The Corporate Town of Peterborough was a local government area in South Australia centred on the town of Peterborough. It came into existence on 7 October 1886 when it separated from the surrounding District Council of Yongala. It was initially known as Petersburg; it was renamed Peterborough on 10 January 1918, one of many South Australian places to be renamed as a consequence of World War I. It gained additional sections from the Yongala council on 30 August 1888 and 25 November 1897, but lost some territory in 1935 when Yongala amalgamated with the adjacent District Council of Coglin to create the District Council of Peterborough.
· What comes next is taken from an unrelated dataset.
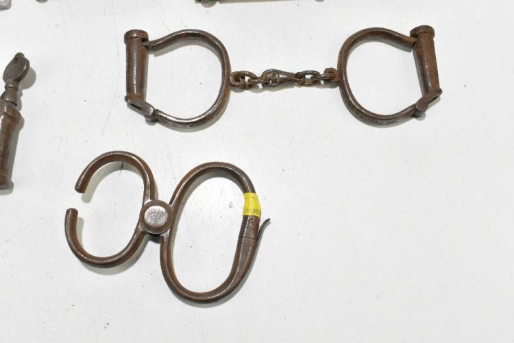 Lot 16 of 1434: Two late 19th/early 20th century pairs of handcuffs, one pair with military issue broad arrow mark and numbered 2771, also a further restraining device stamped 'Hiatt British Made', a group of canvas straps/belts with Police-type badges. Provenance: The Captain Allan Marshall Collection.

The two municipalities would coexist alongside each other, the town surrounded by the district council, for more than sixty years.

The council acquired the Petersburg Institute building on Main Street for a town hall in 1894; it survives today but has been converted to residential use. It built the current Peterborough Town Hall next door in 1927; the large, ornate building is heritage-listed and now serves as the seat of its successor municipality. In 1913, the council decided to institute a municipal electric supply; the subsequent plant was extended several times, and in 1936 was described as "the most up-to-date outside [Adelaide], with the exception of Port Pirie". In 1986, ownership of the rolling stock of the Steamtown Peterborough Railway Preservation Society was vested in the council by the Parliament of South Australia following a parliamentary inquiry.

The Corporate Town of Peterborough ceased to exist in 1997, when it amalgamated into the surrounding District Council of Peterborough.

==Mayors==

- William Threadgold (1886–1889)
- H. Howard (1889–1891)
- Edwin Palmer (1891–1892)
- W. Heithersay (1892–1893)
- E. J. Elliot (1894–1895)
- Edwin Palmer (1896–1898)
- B. Roennfeldt (1898–1899)
- T. H. Chinner (1899–1900)
- G. W. Halcombe (1900–1902)
- J. W. Bowering (1902–1905)
- W. A. Casley (1905–1906)
- Samuel Dickson (1906–1908)
- W. Butterworth (1908–1912)
- M. Birks (1912–1913)
- J. C. Todd (1913–1914)
- Alex Jamieson (1914–1917)
- Samuel Daniel Jones (1917–1920)
- H. P. Shakes (1920–1921)
- C. H. Clarke (1921–1922)
- G. Phillips (1922–1924)
- John William Clair (1924–1925)
- W. C. Reed (1925–1926)
- E. Hoile (1926–1927)
- Samuel Daniel Jones (1927–1940)
- Richard John (Jack) Bowden (1940–1945)
- Ernest Harold Fowler (1945-1962)
- Maxwell Edward Hams (1962-1974)
- Robert Edward Goudie (1974)
- David Thomas Dowd (1974-1979)
- Kevin Vincent Rucioch (1974–1991)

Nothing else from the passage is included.